Task description:
When the line containing "Рис. 3. Ежегодное" is found in the data below, give it again along with every later line, exactly; drop the pictures.

Data for processing:

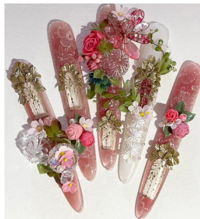
2025 年プロフェッショナル部門最優秀作品
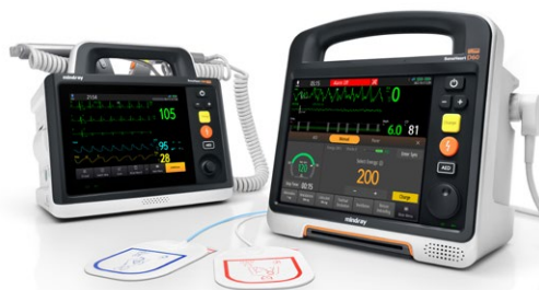
MINDRAY-DS30 und DS60
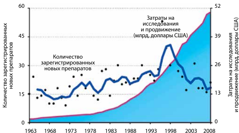
Рис. 3. Ежегодное количество регистрируемых новых препаратов (синяя линия) против расходов на научные исследования (голубая область)

ного фотосенсибилизатора, разработанного РУП «Белмедпрепараты» и зарегистрированного в Республике Беларусь в 2001 г. В период длительного сотрудничества с производителем препарата последний был испытан на базе РНПЦ ОМР им. Н.Н. Александрова при раке и предраке шейки матки, базалиоме, меланоме кожи, раке мочевого пузыря, полости рта, меланоме сетчатой оболочки глаза, перитонеальном канцероматозе и сепсисе, при этом была показана клиническая эффективность препарата. Тем не менее широкие клинические испытания, которые позволили бы внести метод в стандарты лечения ЗНО или зарегистрировать препарат в Евросоюзе так и не были проведены.
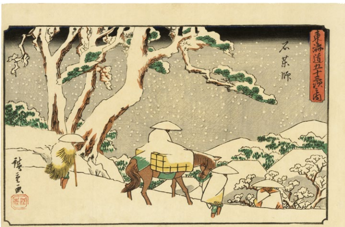
13. 東海道五十三次(行書) 石葉師 天保12-13年 間判 小虫穴補修 ¥360,000
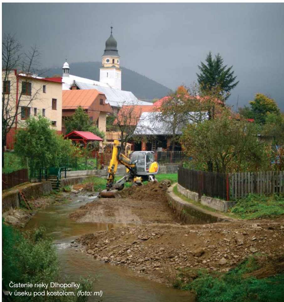
Čistenie rieky Dlhopolky v úseku pod kostolom.
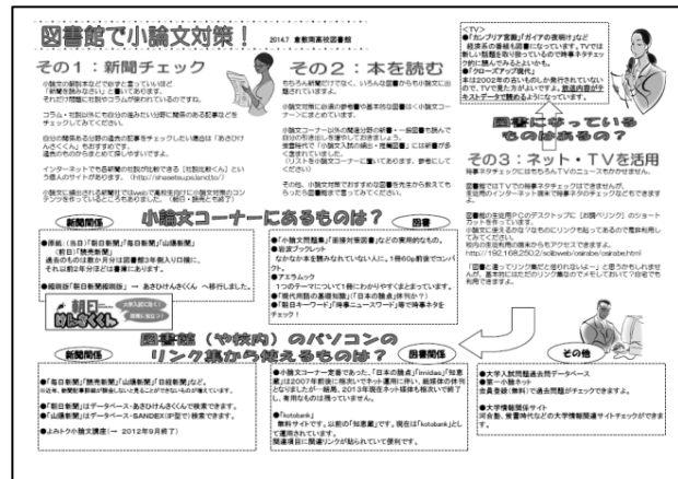
＜図3：図書館で小論文対策！＞

生徒は図書館にあるパソコンや情報教室のパソコンから、教員は職員室の自身のパソコンから利用している。閲覧場所を選ばないことも利点である。
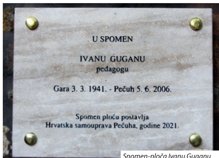
Spomen-ploča Ivanu Guganu
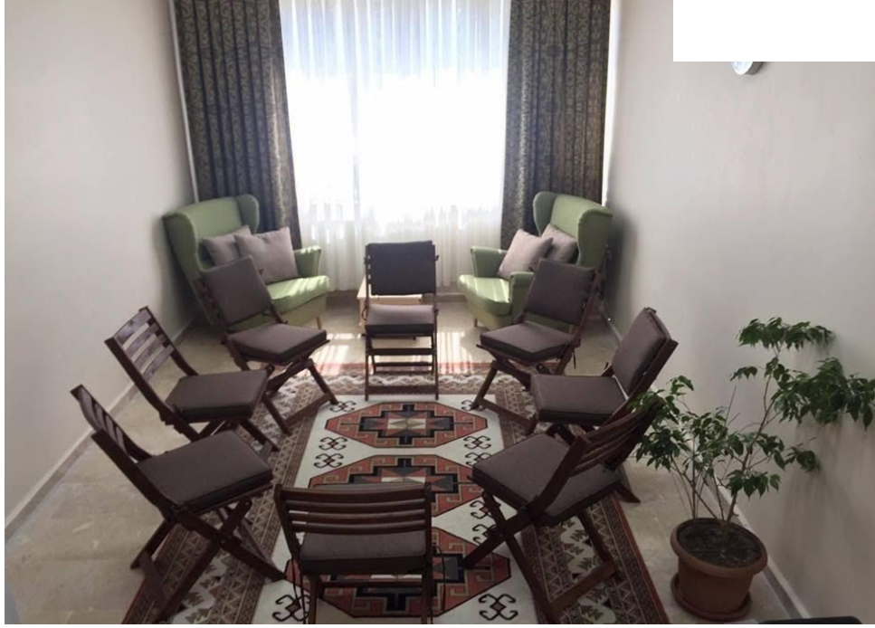
Şekil 1. Stres Yönetimi Araştırma ve Uygulama Birimi Klinik Uygulamalar Ünitesi Fotoğrafları
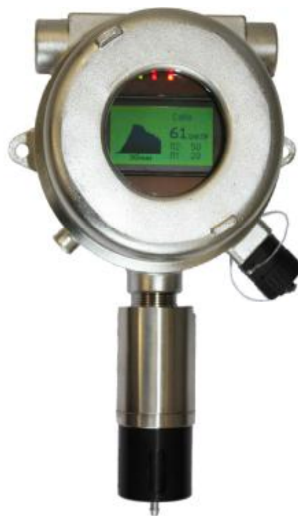
б) CCC-903М (исполнение в корпусе из нержавеющей стали)

Final answer:
Рис. 3. Ежегодное количество регистрируемых новых препаратов (синяя линия) против расходов на научные исследования (голубая область)

ного фотосенсибилизатора, разработанного РУП «Белмедпрепараты» и зарегистрированного в Республике Беларусь в 2001 г. В период длительного сотрудничества с производителем препарата последний был испытан на базе РНПЦ ОМР им. Н.Н. Александрова при раке и предраке шейки матки, базалиоме, меланоме кожи, раке мочевого пузыря, полости рта, меланоме сетчатой оболочки глаза, перитонеальном канцероматозе и сепсисе, при этом была показана клиническая эффективность препарата. Тем не менее широкие клинические испытания, которые позволили бы внести метод в стандарты лечения ЗНО или зарегистрировать препарат в Евросоюзе так и не были проведены.
13. 東海道五十三次(行書) 石葉師 天保12-13年 間判 小虫穴補修 ¥360,000
Čistenie rieky Dlhopolky v úseku pod kostolom.
＜図3：図書館で小論文対策！＞

生徒は図書館にあるパソコンや情報教室のパソコンから、教員は職員室の自身のパソコンから利用している。閲覧場所を選ばないことも利点である。
Spomen-ploča Ivanu Guganu
Şekil 1. Stres Yönetimi Araştırma ve Uygulama Birimi Klinik Uygulamalar Ünitesi Fotoğrafları
б) CCC-903М (исполнение в корпусе из нержавеющей стали)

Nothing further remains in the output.